For years it was held as something of a special treat, being associated with Ladurée, Pierre Hermé and the chicest Parisian patisseries. These days it’s a 90 cents side dish to your Big Mac. Whatever happened to the macaron?

At least they had the elegance not to call it the McCaron; either way, the news that the almondy little treat was to become the latest it-dessert on the McDonalds menu cannot have pleased many of its numerous devoted fans. Being democratic is one thing, giving a gourmet staple a bad name (not to mention a greasy chips smell) is just a touch disrespectful. At least that is what the old guard would say? Will the McMacaron stand the test of time?

The way it is being marketed is on the clever side; should one eat it the wrong way then it would look inconspicuously like a mini-burger (they have nothing on Giovanna Battaglia's though!)

Then it has been reported its maker Holder is no rookie in the field as it delivers French patisserie chain Paul (so far not so good based on these macarons' below par... everything!) and oh, Ladurée, fancy that!

Unpolitically correct as it might be to say so (if anyone actually cares about the politics of food), macarons are at least as much about image and prestige as they are about culinary qualities. Many a neophyte has experienced some amount of disappointment after hearing and believing all the hype; they can taste exceptionally sweet, the flavours (pretty much anything you can think of these days... lavender and lime anyone?) can be a little hard to detect as the almondiness can be on the overpowering side... This is a macaron-lover in the know speaking, not a first timer in a McCafé.
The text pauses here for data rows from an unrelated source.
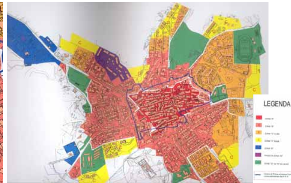
STRUMENTO URBANISTICO VIGENTE – PDF

Nel PDF del comune di Oschiri è presente la zona A. Il Comune di Oschiri è dotato di Piano Particolareggiato, approvato con Deliberazione del Consiglio Comunale n°116 del 21/09/1988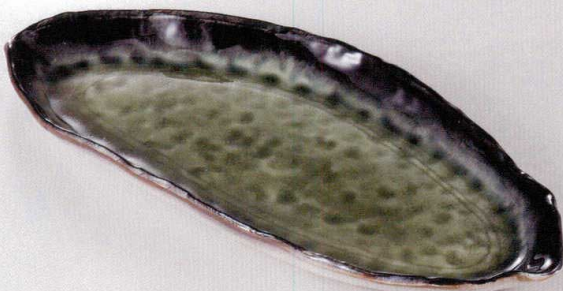
38K293-07 木の葉皿 2,480円 (36.8x16.5x2.9cm) 114753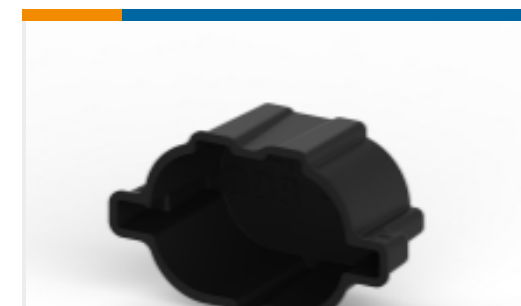
TE 产品编号9-2208100-1 PROTEC. COVER 8MM HV, 2POS PINHEADER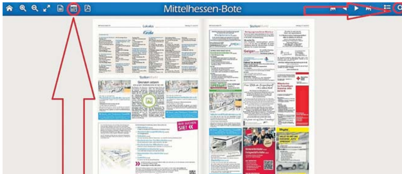
Das E-Paper des BOTEN hat viel zu bieten, wie den Zugriff auf alte Ausgaben über das Kalendersymbol oder die Volltextsuche.

Wie Sie von der E-Paper-Ausgabe profitieren können

But despite these shortcomings, the palate grows fonder and the macaron can become something of an obsession; a lot of it though is a matter of context. Pierre Hermé and Ladurée are quintessentially French, stand for everything chic and give our sweet tooth a somewhat much more civilised edge. They do not come cheap, they cannot be found just anywhere; they are rewarding and feel like a treat, and for all those reasons it should stay that way.
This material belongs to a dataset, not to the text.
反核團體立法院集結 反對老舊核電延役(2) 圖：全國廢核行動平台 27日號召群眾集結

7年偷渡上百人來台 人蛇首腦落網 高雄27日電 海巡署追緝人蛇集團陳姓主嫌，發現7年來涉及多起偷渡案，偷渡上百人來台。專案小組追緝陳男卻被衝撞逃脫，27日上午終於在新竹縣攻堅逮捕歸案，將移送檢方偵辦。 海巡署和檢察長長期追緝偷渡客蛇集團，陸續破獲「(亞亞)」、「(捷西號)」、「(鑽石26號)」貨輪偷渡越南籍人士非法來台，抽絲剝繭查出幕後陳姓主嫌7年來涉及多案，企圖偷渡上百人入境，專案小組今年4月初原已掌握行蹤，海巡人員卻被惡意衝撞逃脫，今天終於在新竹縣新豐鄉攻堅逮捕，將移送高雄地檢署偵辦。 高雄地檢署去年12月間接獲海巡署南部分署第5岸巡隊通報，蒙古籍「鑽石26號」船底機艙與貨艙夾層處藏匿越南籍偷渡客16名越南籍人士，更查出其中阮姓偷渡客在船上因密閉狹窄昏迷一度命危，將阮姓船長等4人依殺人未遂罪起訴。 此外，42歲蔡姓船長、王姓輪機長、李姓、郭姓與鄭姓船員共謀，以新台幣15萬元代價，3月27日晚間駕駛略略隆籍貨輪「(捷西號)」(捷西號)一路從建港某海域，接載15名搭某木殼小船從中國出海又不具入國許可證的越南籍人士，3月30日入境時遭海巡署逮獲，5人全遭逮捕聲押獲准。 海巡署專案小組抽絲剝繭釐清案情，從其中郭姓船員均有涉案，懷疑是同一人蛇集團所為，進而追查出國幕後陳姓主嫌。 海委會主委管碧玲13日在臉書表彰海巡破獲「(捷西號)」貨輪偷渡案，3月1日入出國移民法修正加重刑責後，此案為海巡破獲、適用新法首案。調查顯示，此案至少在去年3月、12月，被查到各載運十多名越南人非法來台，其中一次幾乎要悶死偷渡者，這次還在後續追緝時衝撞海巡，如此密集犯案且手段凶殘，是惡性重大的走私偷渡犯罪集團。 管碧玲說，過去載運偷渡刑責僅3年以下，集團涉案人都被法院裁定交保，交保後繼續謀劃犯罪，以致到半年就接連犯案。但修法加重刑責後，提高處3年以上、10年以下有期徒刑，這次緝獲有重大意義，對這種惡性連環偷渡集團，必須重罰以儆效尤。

To be perfectly blunt it isn't just McDonalds trying to bask in the hype (if anything they might just be answering consumer demand, whether or not one agrees with the factors behind it); fashion has been another example of jumping on the bandwagon what with luxury brands associating their names to the little patisserie and redesigning its taste and shape. Pretty but pretty pointless.

Has this craze led to the death of the ultimate gourmet sweet treat?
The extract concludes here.